Daar waar risicoprofielen in de praktijk noodzakelijk worden geacht zullen overheidsorganisaties moeten toetsen of in dat specifieke geval wordt voldaan aan de juridische maatstaven zoals weergegeven in dit toetsingskader van het College. De mogelijke gevolgen voor burgers van risicoprofilering zijn groot en daarom kunnen afkomstgerelateerde criteria niet of alleen in uitzonderlijke gevallen en met de grootst mogelijke zorgvuldigheid worden toegepast.

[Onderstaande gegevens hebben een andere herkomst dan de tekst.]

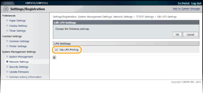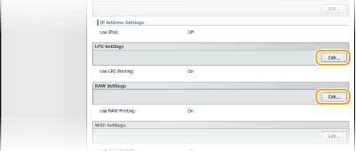 Klik [Edit] dalam [LPD Settings] atau [RAW Settings].

Om deze redenen zal het mensenrechtelijk toetsingskader van het College worden betrokken bij het aanpassen van het modelinformatieprotocol. Dit zal ik doen in samenspraak met het Strategisch Beraad Ondermijning (SBO)4 – de opdrachtgever van het modelinformatieprotocol – en gemeenten. Ik verwacht dat dit tijdens de eerstvolgende bijeenkomst van het SBO in september 2022 afgerond kan worden. Na afronding zal ik uw Kamer hierover informeren.

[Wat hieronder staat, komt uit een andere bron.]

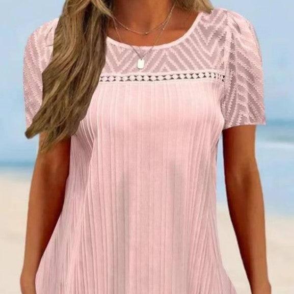 T-shirt lengan pendek dengan hiasan perca renda leher bulat pullover

De Minister van Justitie en Veiligheid, D. Yeşilgöz-Zegerius


X Noot
1

Kamerstuk 29 911, nr. 272.

X Noot
2

Handhavingsknelpunten zijn door lokaal of regionaal (in RIEC-verband) als zodanig aangewezen personen of een groep personen, gebied of branche, waarover verschillende overheden of bestuursorganen concrete signalen bereiken dat de regelgeving structureel niet wordt nageleefd, hetgeen mogelijk leidt tot een maatschappij ondermijnende situatie, bestaand uit bestuursrechtelijk of strafrechtelijk te sanctioneren gedragingen.

X Noot
3

Kamerstuk 30 950, nr. 281.

X Noot
4

In het Strategisch Beraad Ondermijning zijn diverse departementen, uitvoeringsorganisaties en het lokaal bestuur vertegenwoordigd. Het SBO adviseert de Minister van JenV over de aanpak van georganiseerde, ondermijnende criminaliteit.